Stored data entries

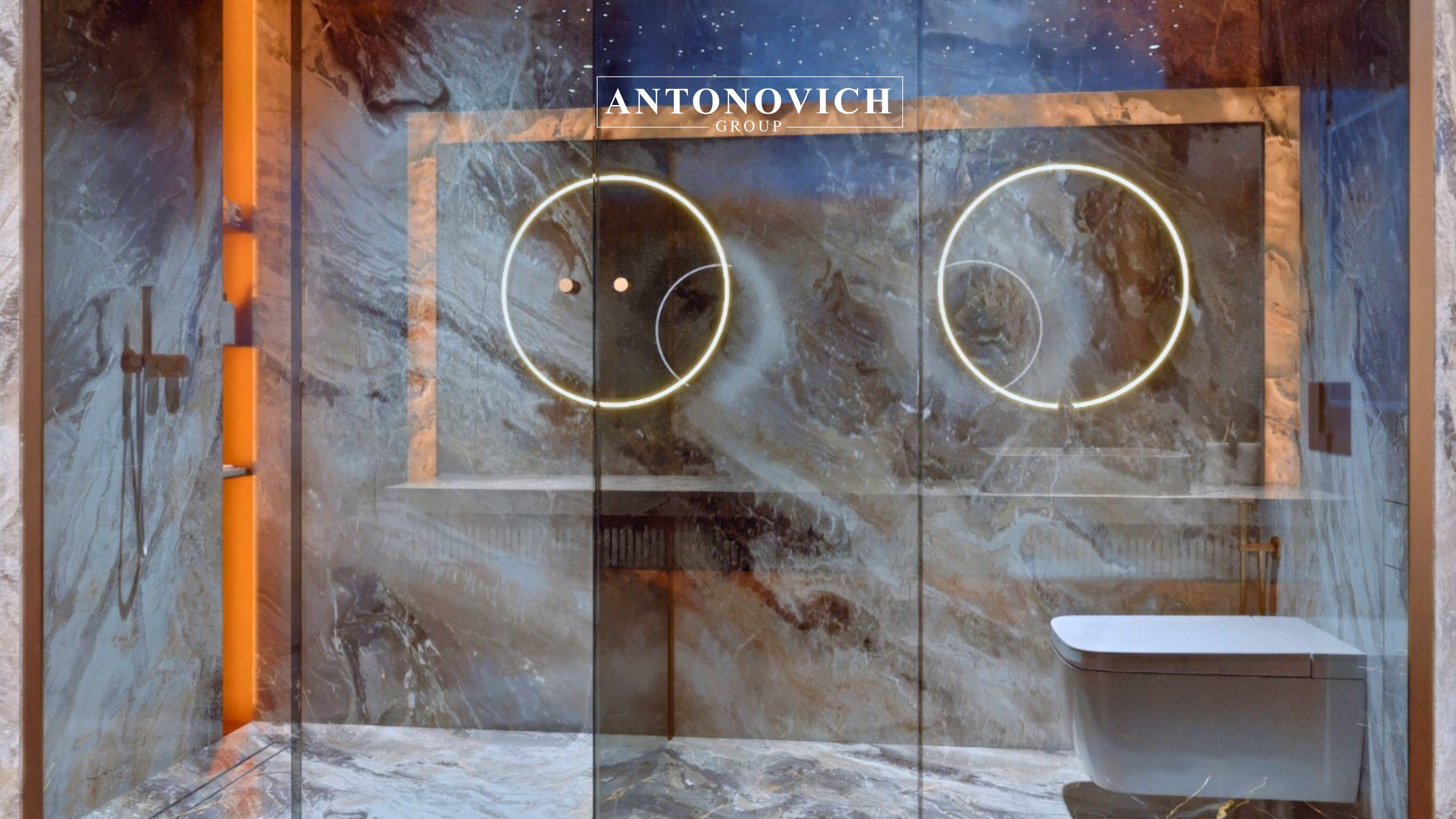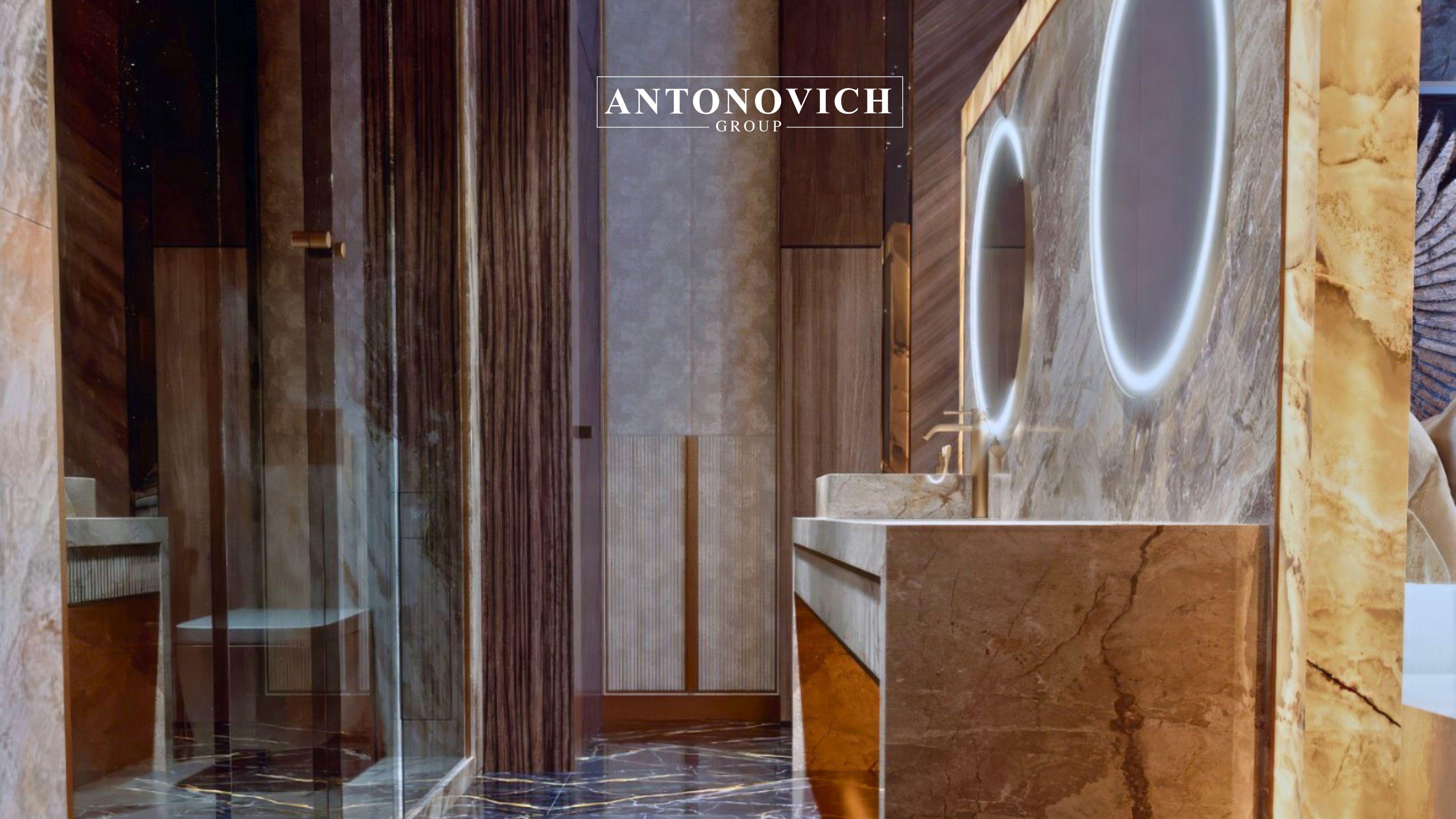 Material quality defines luxury bathrooms. Antonovich Group uses high-end marble, natural stone, porcelain slabs, and bespoke finishes to achieve a timeless aesthetic. Custom vanity units, stone countertops, and refined metallic accents add layers of elegance.
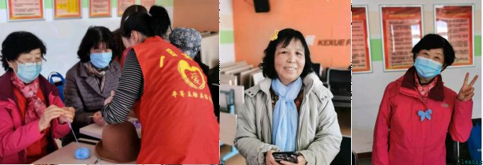第二天的课程是“一日女儿”队伍中的志愿者自发来做小老师。老师是第一次来给老人们授课,却有着难得的耐心和细致。彩色的毛线在阿姨们的手里被赋予了生命,可爱的小蝴蝶配上阿姨们的笑脸意外的相配。
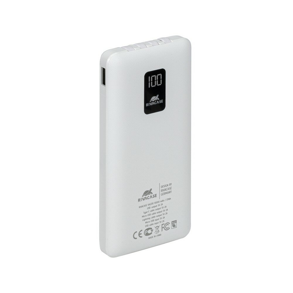 RIVACASE VA2210 (10000 мАч) внешний аккумулятор с дисплеем и встроенными кабелями, белый, 12/48
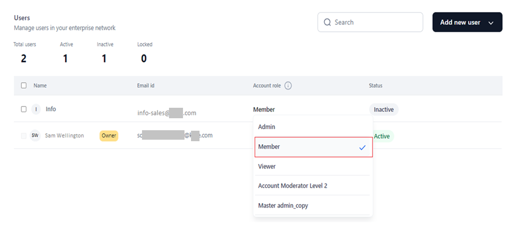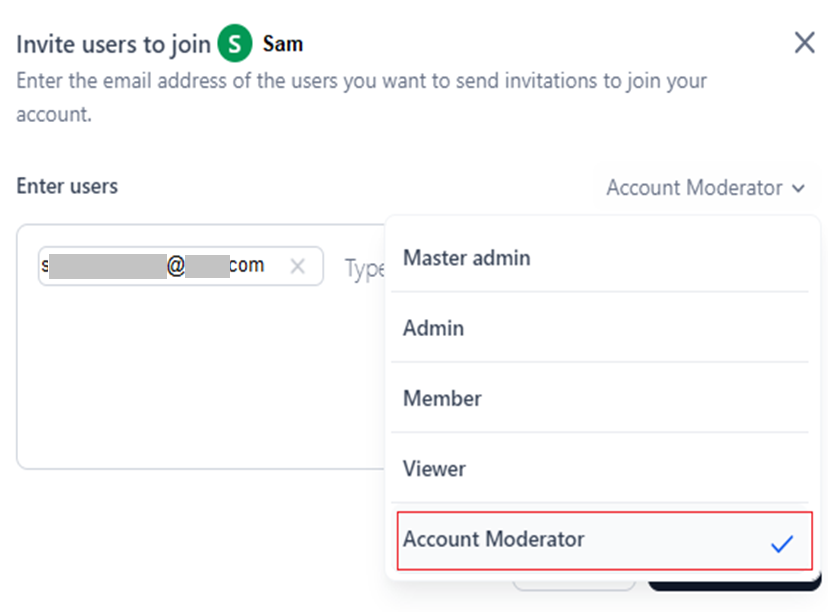 - The Master Admin can assign other account roles to users added to their account.
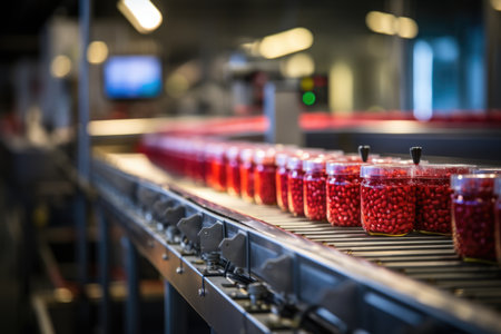 Automated Canning Process: Illustrating modern food production, a photo captures the automated canning process on an industrial conveyor, showcasing the seamless preparation
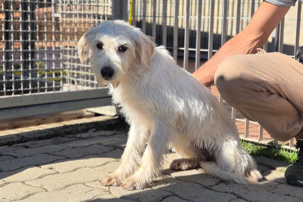 Ich bin ein junges Hundemädchen, eine wunderschöne Mischung, vermutlich aus Terrier und Spinone. Mein feines flusiges weißes Fell, das an eine zarte Schneeflocke erinnert, verleiht mir ein besonders niedliches und einzigartiges Erscheinungsbild. Momentan bin ich noch ziemlich schüchtern und sehne mich nach einer ruhigen Umgebung, in der ich mich sicher und geborgen fühlen kann. Der stressige Alltag im Canile ist für mich eine große Herausforderung, doch ich bin neugierig und lernfreudig. Mit ein bisschen Geduld, Liebe und Verständnis werde ich sicher schnell aufblühen und mein wahres Wesen zeigen.
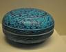 此梅瓶呈梨形,器表纹饰是用泥釉勾勒出凸起的轮廓,然后在轮廓内用绿松石色和黄色釉填涂,与蓝色背景形成鲜明对比。蓝釉刻龙纹圆盒(明·成化·江西景德镇)
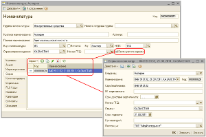 Для одной позиции номенклатуры может быть задано любое количество элементов справочника «Серии номенклатуры». При добавлении новой позиции номенклатуры в табличную часть документа, пользователь выбирает нужную серию для той номенклатуры, для которой установлен флаг ведения учета по сериям.
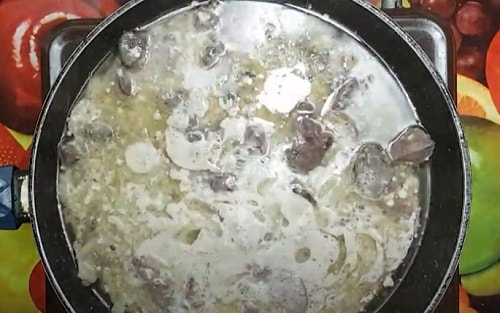- Залийте вершки, дайте закипіти. Сбавьте потужність вогню до мінімуму. Гасіть печінку ще 5 хвилин.
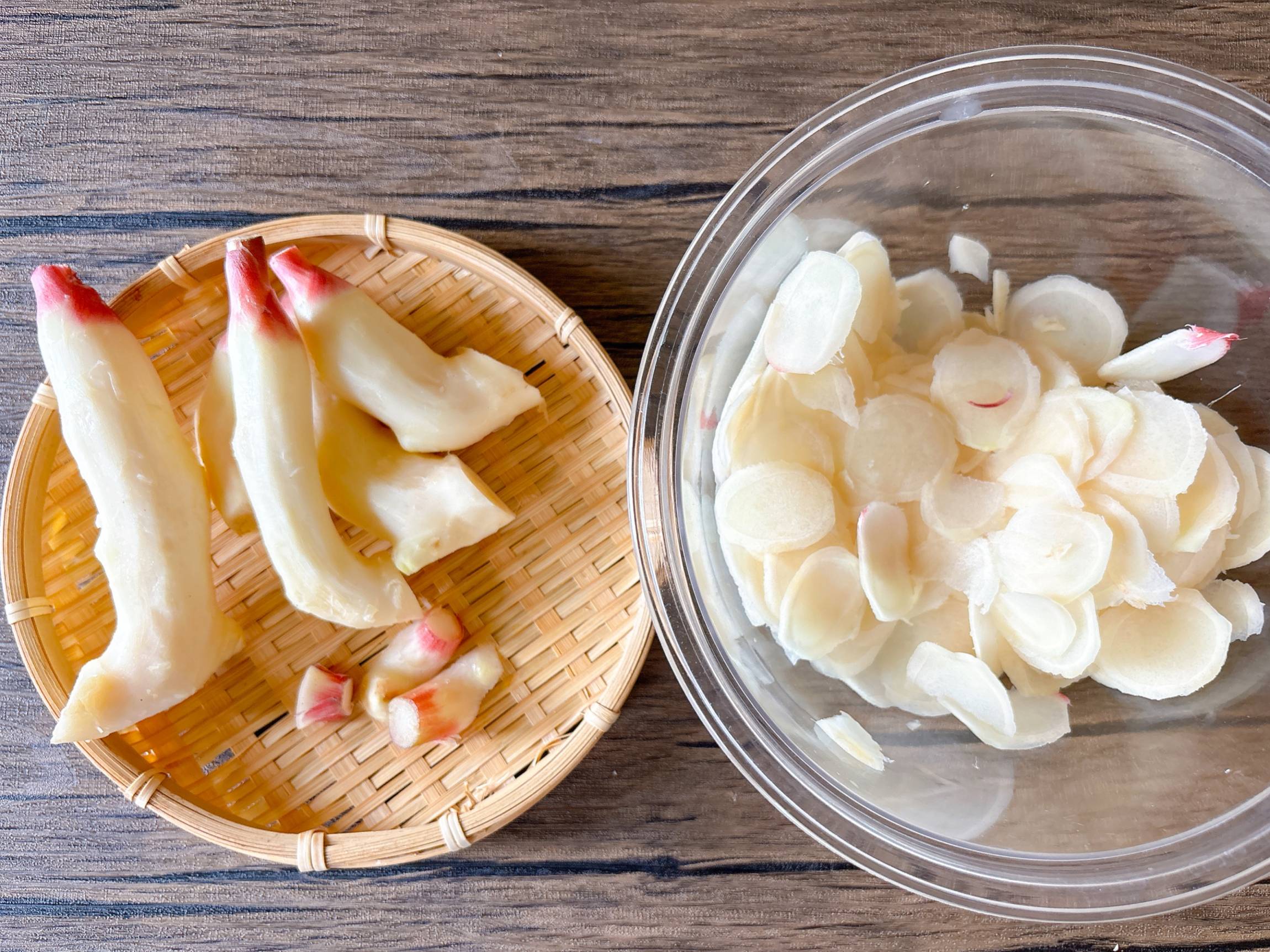 新芽の部分は大きいままで、根元の部分は包丁かスライサーを使って薄切りにします。新生姜の茎の紅色の部分は、一緒に漬け込むときれいなピンク色に仕上がるので、とっておきます。
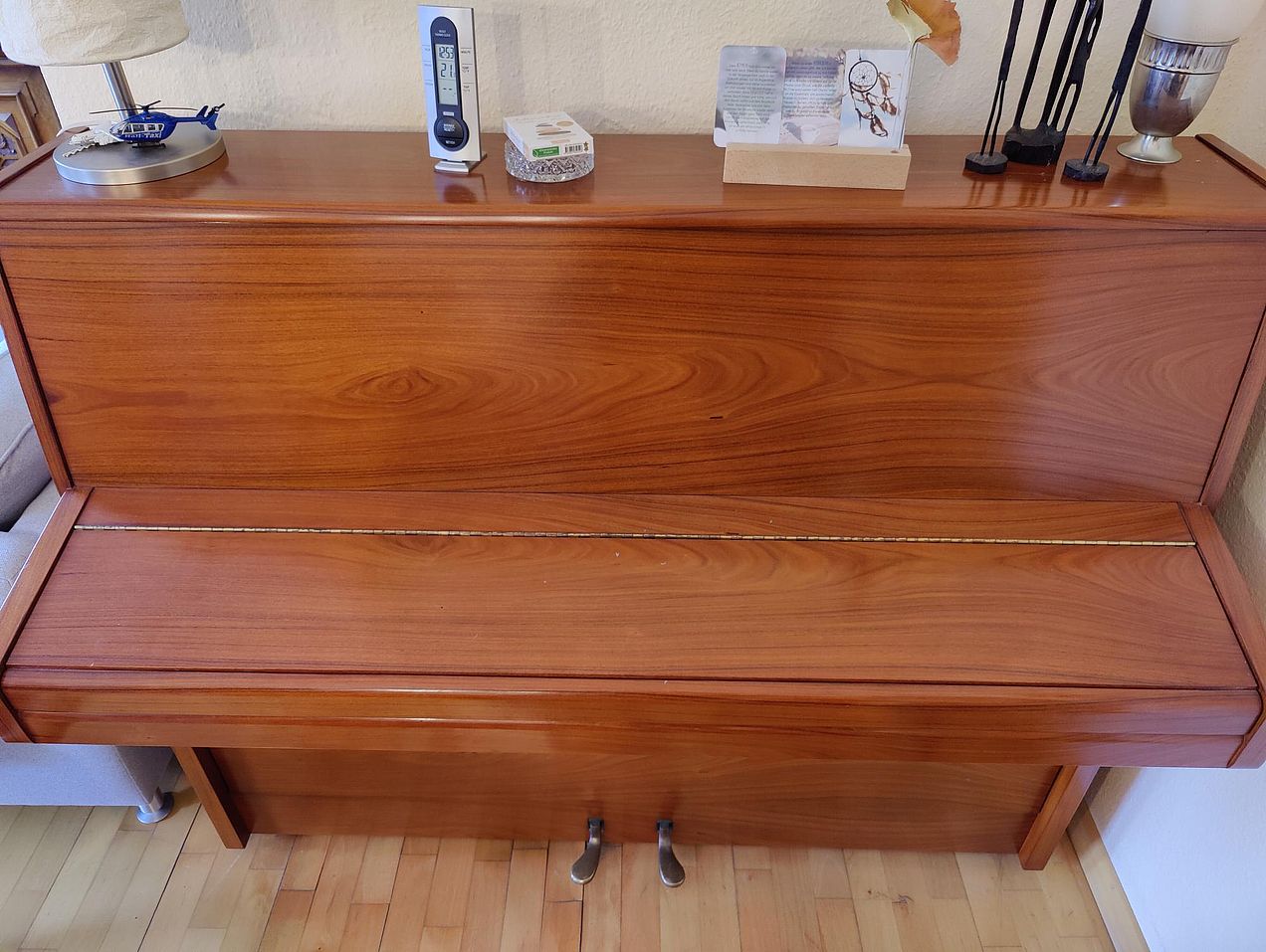 Das Gehäuse dieses Instruments besteht aus massivem Holz mit einer sehr schönen Maserung, die dem Klavier eine elegante und zeitlose Optik verleiht. Die Tastatur bietet ein angenehmes, gut ausbalanciertes Spielgefühl und eignet sich sowohl für Anfänger als auch für fortgeschrittene Pianisten. Alle Tasten und Pedale funktionieren einwandfrei, die Mechanik arbeitet präzise und zuverlässig. Das Klavier wurde stets gepflegt und befindet sich in einem gepflegten Zustand, mit nur leichten Gebrauchsspuren.
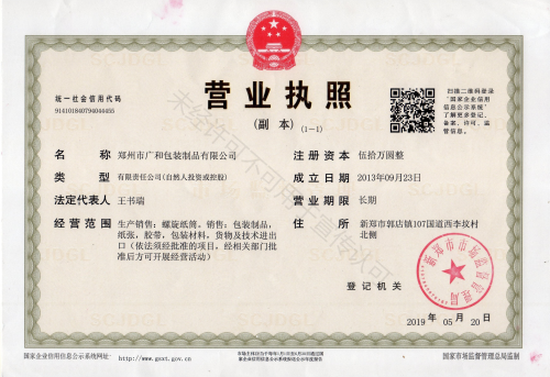 鄭州廣和包裝制品有限公司是一家深耕環保包裝制造領域多年的企業,專注于為全球客戶提供高品質、可持續的工業紙管與膠帶產品。我們以創新技術和嚴格品控為核心,致力于減少環境足跡,助力各行各業實現綠色轉型。
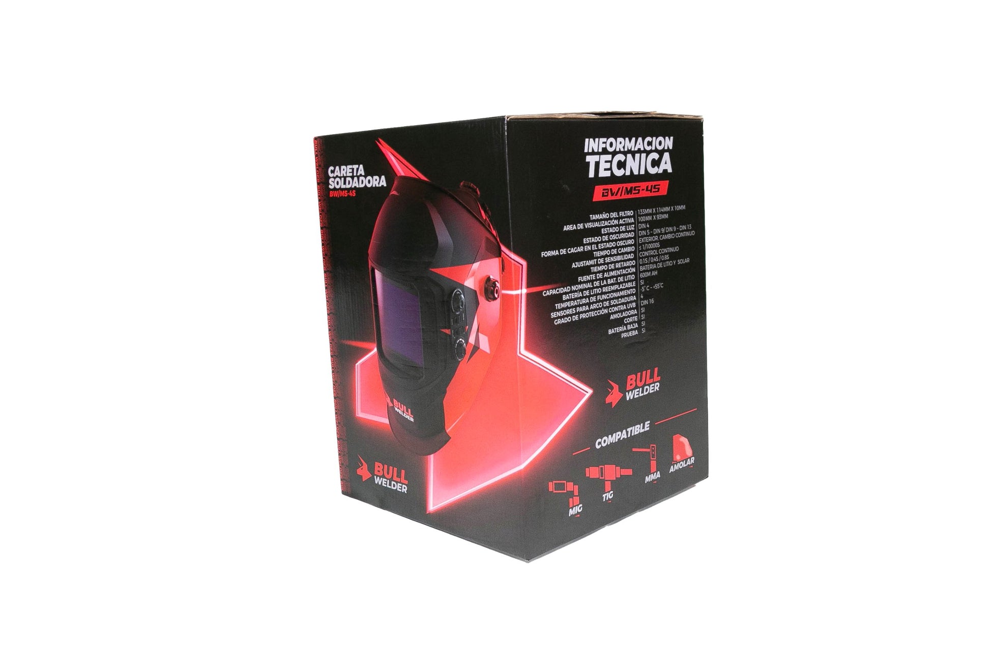 La careta electrónica BW/MS – 4S está diseñada para quienes exigen lo mejor en protección visual. Con un amplio campo de visión, oscurecimiento ajustable y sensores ultra precisos, esta careta se adapta a todo tipo de trabajos con precisión y seguridad. ¡Haz que cada soldadura cuente!
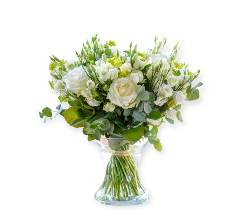 A traditional sympathy arrangement which features soft whites and greens.

> Task goal
Please print the lines above exactly, beginning at the first line of the entries and ending at the line holding "Для одной позиции", and leave the pictures out.

> Answer to this problem
 Material quality defines luxury bathrooms. Antonovich Group uses high-end marble, natural stone, porcelain slabs, and bespoke finishes to achieve a timeless aesthetic. Custom vanity units, stone countertops, and refined metallic accents add layers of elegance.
第二天的课程是“一日女儿”队伍中的志愿者自发来做小老师。老师是第一次来给老人们授课,却有着难得的耐心和细致。彩色的毛线在阿姨们的手里被赋予了生命,可爱的小蝴蝶配上阿姨们的笑脸意外的相配。
 RIVACASE VA2210 (10000 мАч) внешний аккумулятор с дисплеем и встроенными кабелями, белый, 12/48
 - The Master Admin can assign other account roles to users added to their account.
 Automated Canning Process: Illustrating modern food production, a photo captures the automated canning process on an industrial conveyor, showcasing the seamless preparation
 Ich bin ein junges Hundemädchen, eine wunderschöne Mischung, vermutlich aus Terrier und Spinone. Mein feines flusiges weißes Fell, das an eine zarte Schneeflocke erinnert, verleiht mir ein besonders niedliches und einzigartiges Erscheinungsbild. Momentan bin ich noch ziemlich schüchtern und sehne mich nach einer ruhigen Umgebung, in der ich mich sicher und geborgen fühlen kann. Der stressige Alltag im Canile ist für mich eine große Herausforderung, doch ich bin neugierig und lernfreudig. Mit ein bisschen Geduld, Liebe und Verständnis werde ich sicher schnell aufblühen und mein wahres Wesen zeigen.
 此梅瓶呈梨形,器表纹饰是用泥釉勾勒出凸起的轮廓,然后在轮廓内用绿松石色和黄色釉填涂,与蓝色背景形成鲜明对比。蓝釉刻龙纹圆盒(明·成化·江西景德镇)
 Для одной позиции номенклатуры может быть задано любое количество элементов справочника «Серии номенклатуры». При добавлении новой позиции номенклатуры в табличную часть документа, пользователь выбирает нужную серию для той номенклатуры, для которой установлен флаг ведения учета по сериям.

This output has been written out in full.